Цетегус поглядел ей вслед с дьявольской улыбкой.
Весь этот день бывший префект Рима провел во дворце, спокойный, уверенный и веселый, обсуждая с Кассиодором подробности своей защиты. К вечеру его настроение передалось и римским сановникам.
Никто из них не подозревал, с каким лихорадочным нетерпением ожидал Цетегус вестей от Рустицианы, в руках которой он оставил жизнь и смерть свою и юного германского героя, осмелившегося бороться с железным римлянином.
XVII
Вечерело. Камилла стояла у золоченой решетки возле храма Венеры, ожидая появления Аталариха у его любимого места. Невдалеке, в тени душистых апельсиновых деревьев, раскинувшись на зеленой траве, лежала спящая Дафницион, утомленная долгами поисками своей госпожи в извилистых аллеях дворцового сада.
Камилла не чувствовала утомления. С восторгом прислушивалась она к щебетанию птиц и с наслаждением вдыхала благоухающий воздух. В ее душе было так же светло и радостно, как в этом дивном уголке земли, где природа так щедро рассыпала свои дары. Склонившись над прозрачным ручьем, мчавшимся между зелеными бархатными берегами, Камилла вглядывалась в свое отражение и радостно шептала:
— О, только бы он нашел меня красивой…
Внезапно, точно отвечая на это восклицание, над головой девушки запел соловей, скрывавшийся в низких ветках гранатового дерева. Она улыбнулась и, сорвав несколько душистых ярко-красных цветов, вплела их в свои черные шелковистые косы.
— Ведь это тоже королевский пурпур, — прошептала она. — Тот пурпур, который с таким гордым видом носит он, повелитель души моей… О, Аталарих… Где ты? Увижу ли я тебя сегодня? Милый, если бы ты знал…

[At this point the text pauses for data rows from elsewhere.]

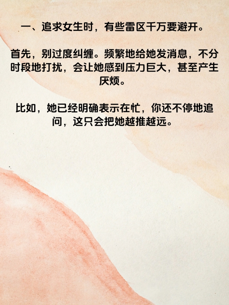 一、追求女生时,有些雷区千万要避开。首先,别过度纠缠。频繁地给她发消息,不分时段地打扰,会让她感到压力巨大,甚至产生厌烦。比如,她已经明确表示在忙,你还不停地追问,这只会把她越推越远。 二、尊重她的个人空间也很关键。每个人都有自己的生活和朋友圈子,不要试图完全掌控她。若总是要求她时刻报备行踪,限制她和朋友聚会,她会觉得失去自由,对你的好感度直线下降。 三、还有,别过早暴露需求感。刚认识就迫不及待地表白或者明示自己的追求意图,会让女生觉得你目的性太强。不妨先以朋友的身份相处,慢慢增进了解,等感情自然升温后,再水到渠成地表达心意。避开这三个雷区,你的追求之路或许会顺畅许多,成功几率也会大大增加哦。
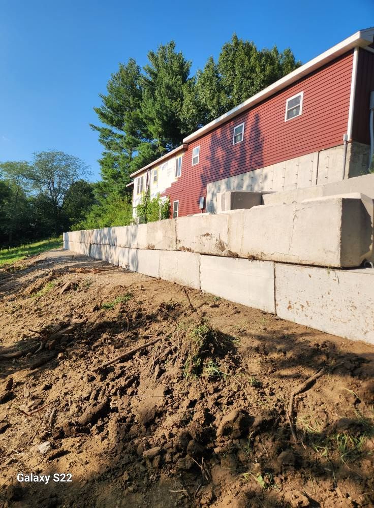 Husband Family Excavating builds retaining walls for residential, farm, and commercial sites in Gladstone and the surrounding area. Walls are designed to manage elevation changes, support driveways and access roads, and protect structures from soil movement. Installation is often coordinated with grading or site preparation projects to stabilize land before or during construction.
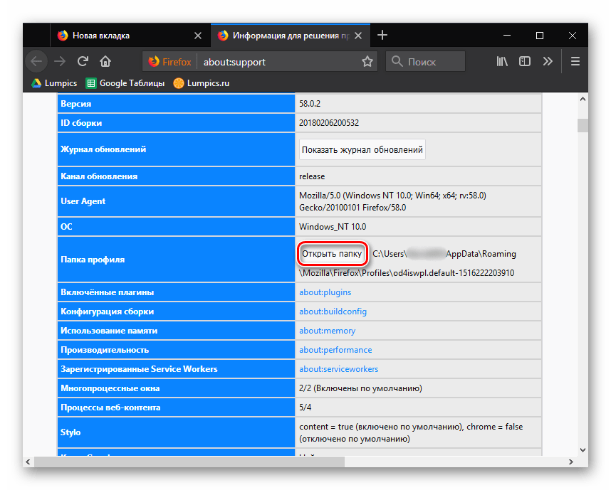 Следует кликнуть по кнопке главного меню программы и перейти по пути «Справка» — «Информация для решения проблем». Напротив пункта «Папка профиля» есть кнопка «Открыть папку» Нажав на нее, вы попадете в целевой каталог, где увидите требуемые файлы.
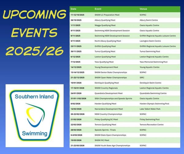 Entries are $8 per event and are now open on Swim Central and will close on Monday 3rd November at 12 pm.
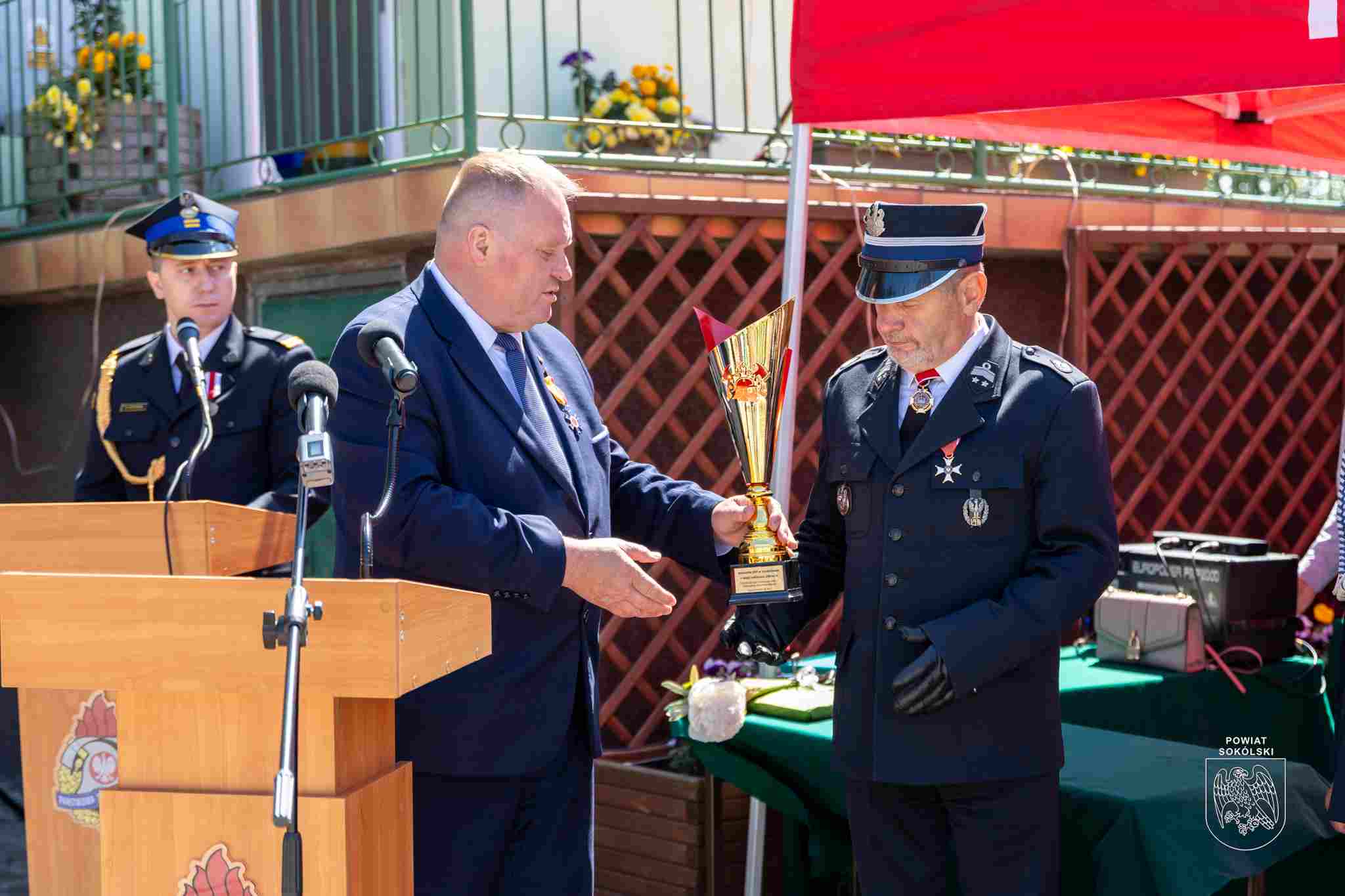 W imieniu starosty i całego Zarządu Powiatu Sokólskiego podziękował OSP i wszystkim strażakom, którzy na przestrzeni tych 100 lat pełnili misję niesienia pomocy drugiemu człowiekowi. Jubilatom życzył dalszego rozwoju jednostki oraz szczęśliwych powrotów z każdej akcji.
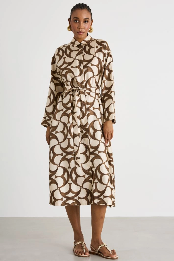 Printed silk shirt dress
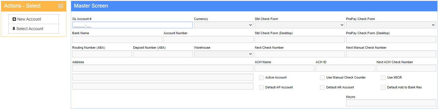 Default Menu Location: Maintain >> Accounts Payable >> Cash/Checking Accounts
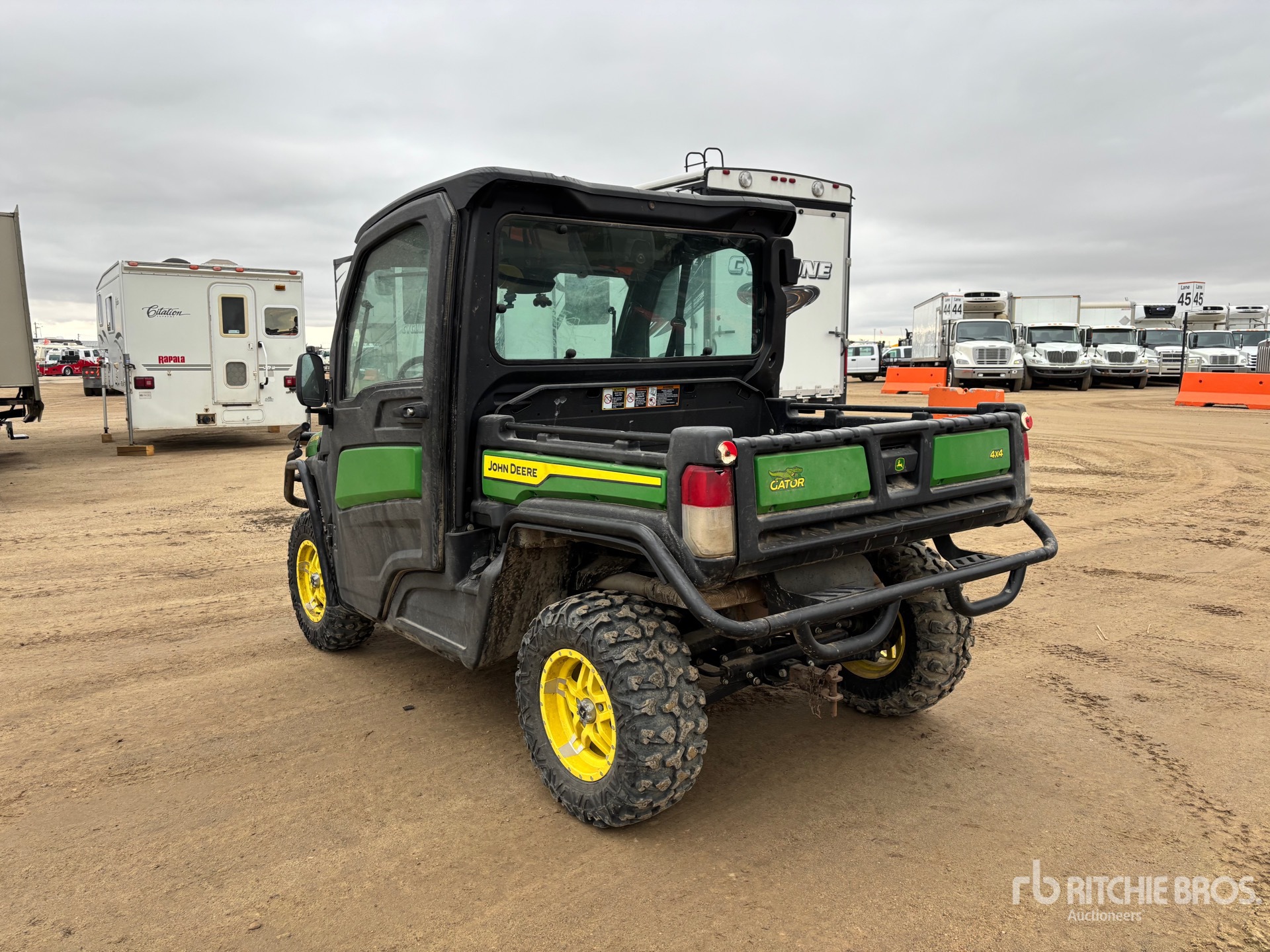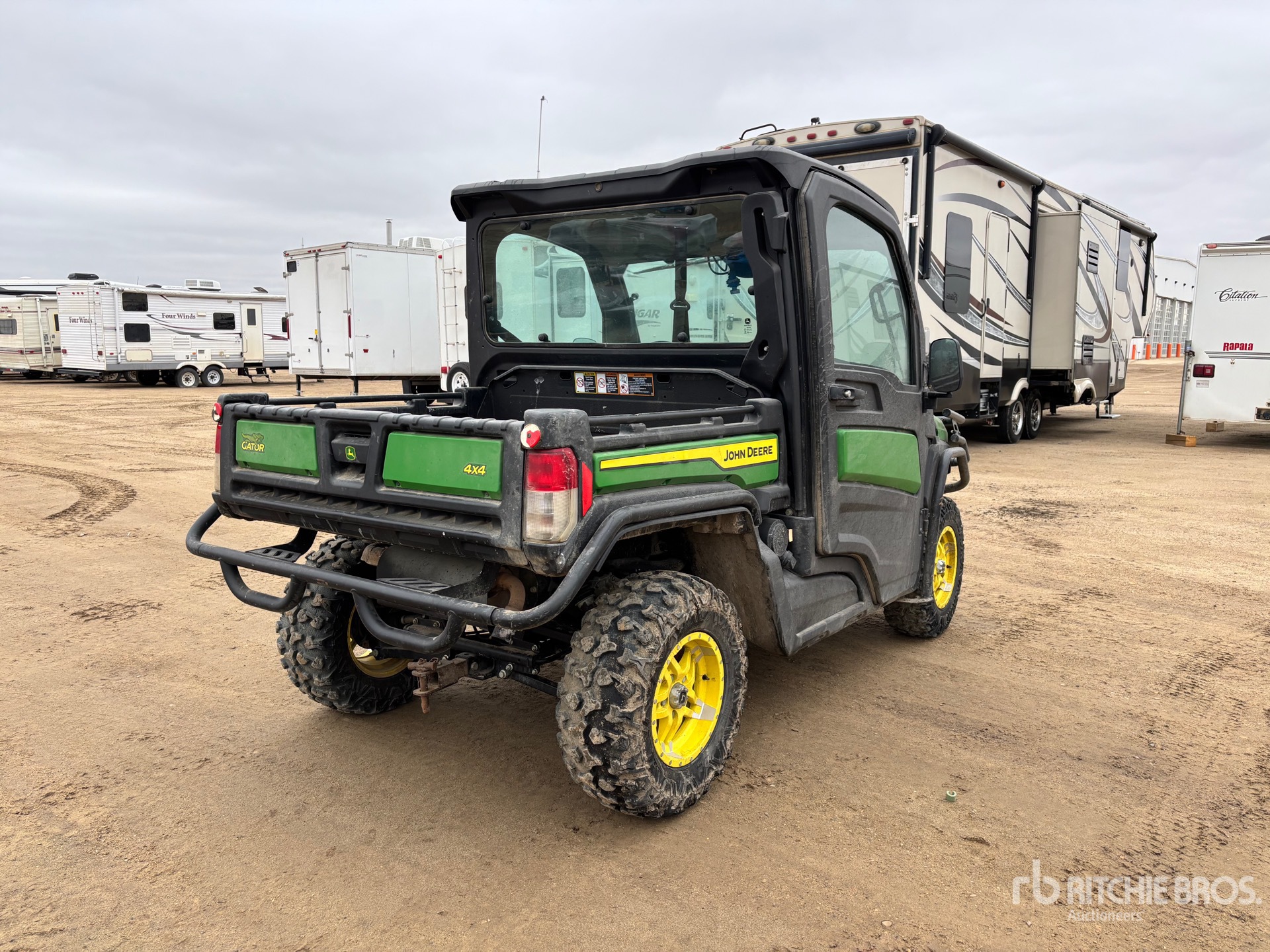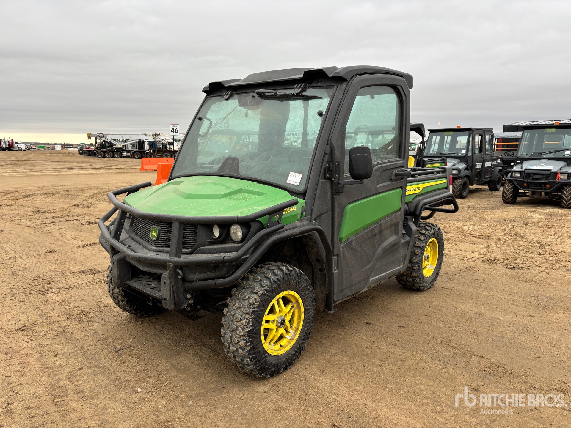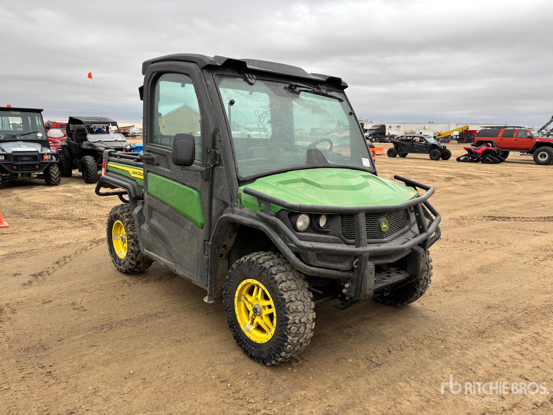 Enclosed Cab, 3 Passenger, Windshield, Rear Screen, Brush Guard, Hitch Receiver, Electric Dump Bed, John Deere 3 Cylinder Gasoline Engine
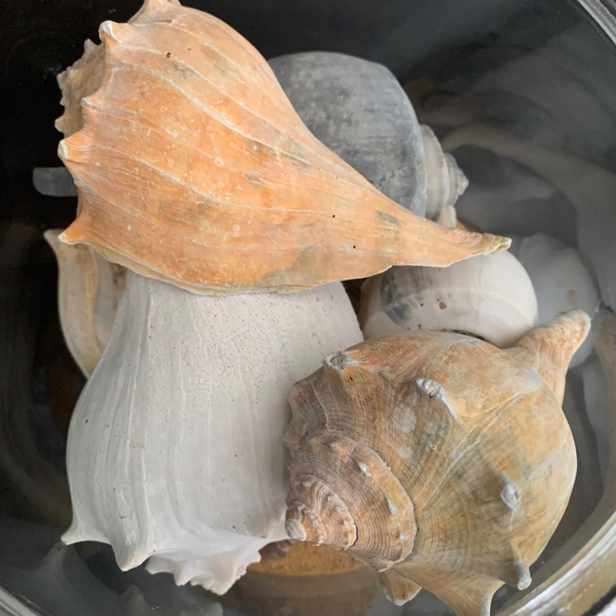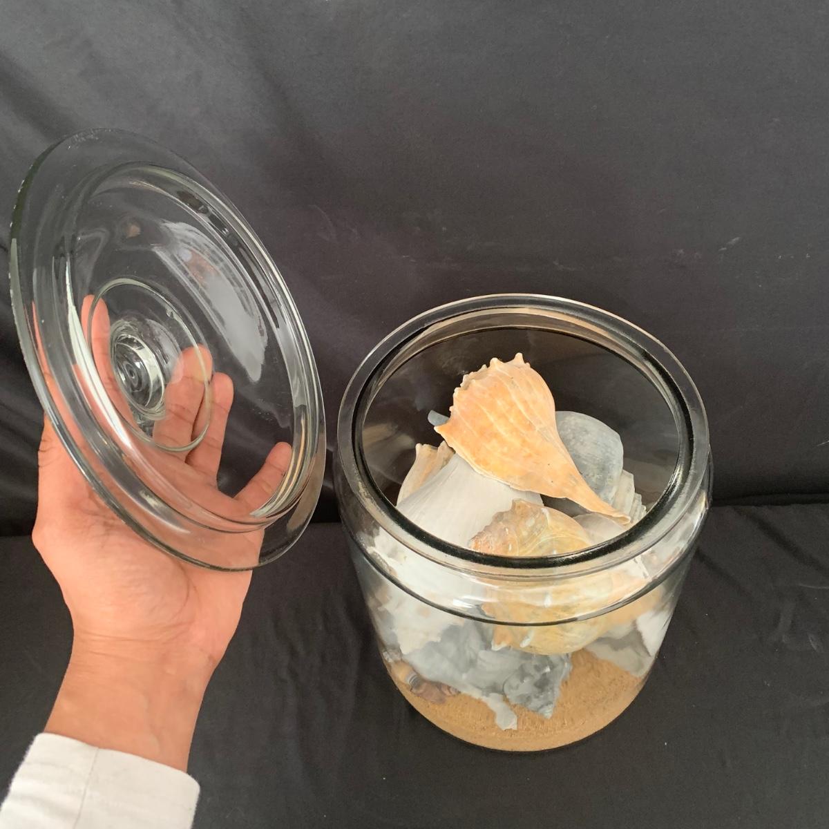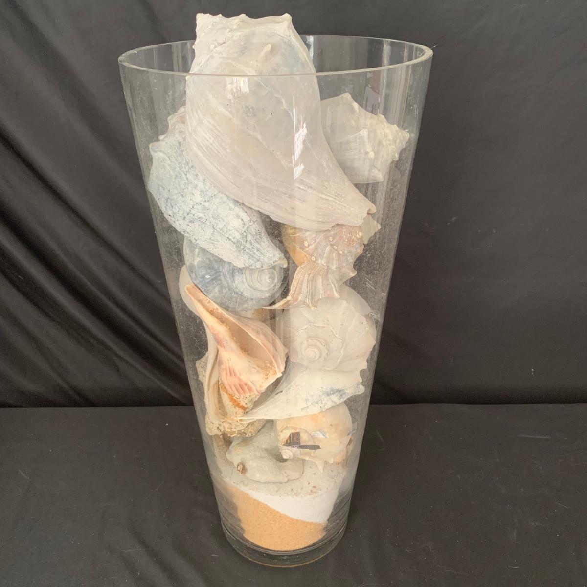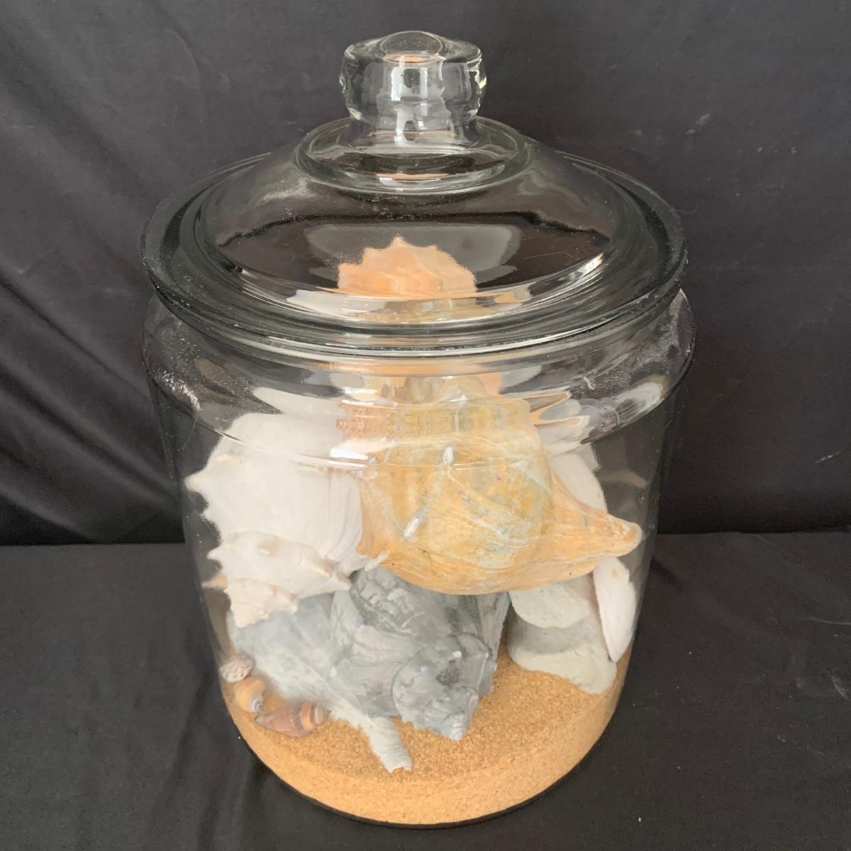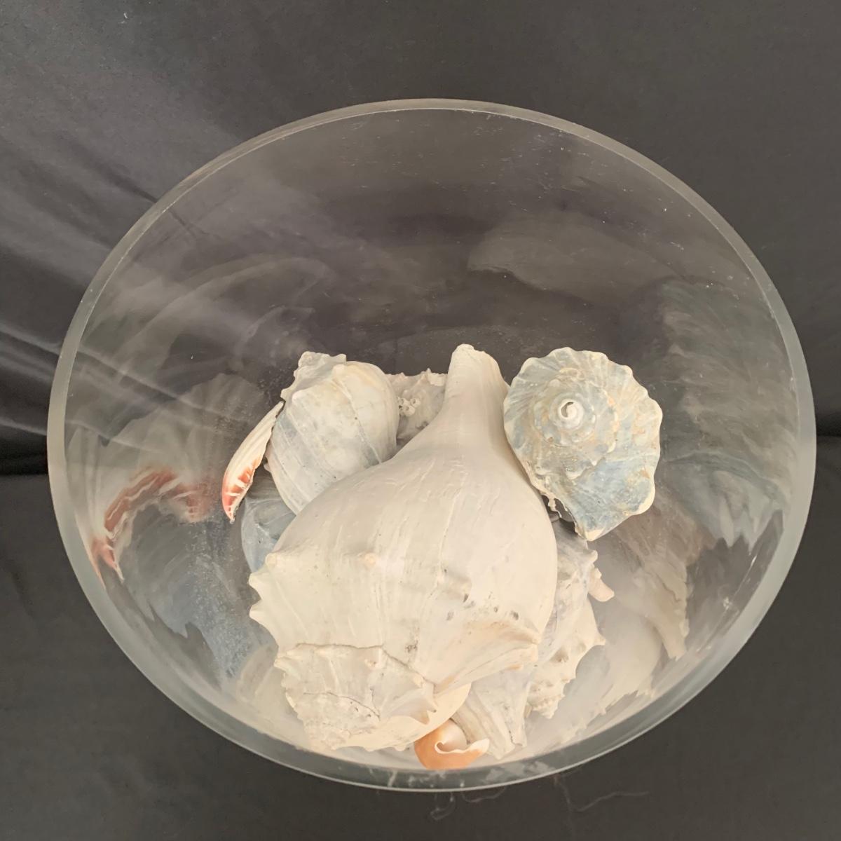 Four large clear acrylic vases filled with sand and decorative sea shells. Lot also includes decorative twigs and two smaller glass jars. One features bubbled glass and has been used as a candle holder. The other is lidded and filled with sand and shells. One case has a chip on the rim, but other than this lot appears to be in good condition. With a good cleaning, this lot is likely to fill any space with coastal vibes.

Не докончив фразы, Камилла замерла. Вблизи раздались шаги, уверенные и твердые шаги быстро подходящего мужчины.
Это был он — Аталарих… Но, Боже, как же он теперь казался выше и старше. Уверенность его движений и величественная осанка поразили Камиллу и заставили опустить глаза.
— Приветствую тебя, государь, — произнесла она, робко протягивая руку навстречу подходящему.
Жгучая радость осветила лицо юноши.
— Ты здесь, Камилла?.. Какое неожиданное счастье. Судьба посылает мне лучшую награду за выигранное сражение сегодняшнего дня… Теперь только верю я, что поступил хорошо и справедливо.
— Ты поступил, как подобает королю и герою, мой государь, — дрожащим от волнения голосом перебила Камилла. Аталарих радостно вздрогнул.
— Твой государь, Камилла?.. Ты никогда не называла меня так, гордая римлянка.
— Я виновата перед тобой, государь, — чуть слышно произнесла девушка. — Но я многого не знала. Теперь же я знаю все…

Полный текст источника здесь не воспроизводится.